We have found that the key element in developing effective quit
coaches is emphasizing that currently there is not one "right' way to
quit. There are still too many factors
involved in the quit process to easily identify the best way to quit that works
for all clients. We use the analogy of "quit
coach as handyman” for the quit process.
Every new quit is like a new project. The handyman's job is to have some
good assessment skills to figure out what the client wants and a tool belt to
help with the job. Every handyman might have his/her trusty five tools and not
every handyman focuses on the same five tools.
However, the tool belt has lots of other tools in case those five just
don't seem to get the job done. Every
now and then, the client might hand you a new tool and a good handyman may not
know how it works, but may include it in that job with that particular client.
Our responsibility to quit coaches is to supply them with a
tool belt and start filling it with tools.

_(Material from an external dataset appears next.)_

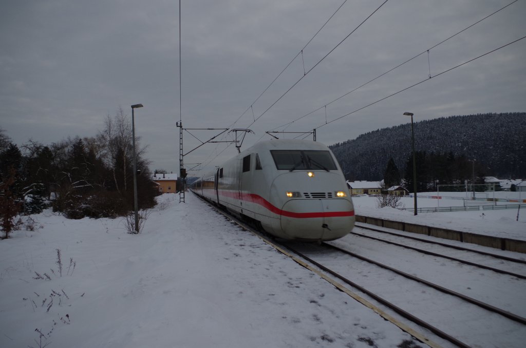 Ein ICE-T durchfährt am 14.12.2012 die Haltestelle Gundelsdorf mit ca. 25 min Verspätung.

The coach can figure out which tools fit best for them, but will keep
the rest around for the jobs when the favorites aren't working. We know that a tool belt should include tools
from motivational interviewing, goal-directed treatment and behavior change
techniques. How the coach picks and
chooses the tools for each client is truly a skill we are seeking to understand
In developing training programs for coaches, we have
recognized that far too much time has been spent on providing the coaches with
academic detailing of tobacco, medications and data collection. To provide a coach the best experience to
provide high quality and effective services, every training program should
include core modules related to telephone-based customer service, building and
maintaining alliance, advanced listening skills, motivational interviewing
basics, goal setting, and reviewing clinical outcomes. Training for coaches
never really ends. The best of the
coaches will take between 6 and 12 months just to figure out their tool belt
and get comfortable working with all they have learned in training and from
their clients. During the early months,
a quit coach needs the support of a team to reflect on cases, get feedback, and
acquire new tips to help them continue to be great coaches.
As research progresses in the development of effective
behavior change interventions, tobacco quitlines can provide a step forward in
recognizing that effective behavior change interventions are influenced by the
person providing the intervention. While
we might consider the interventionist a nuisance in research, he/she is key in
the success of those wanting to quit tobacco.
What have you learned in your training and supervision of quit coaches?
If you ARE a quit coach, what do you believe makes you most effective?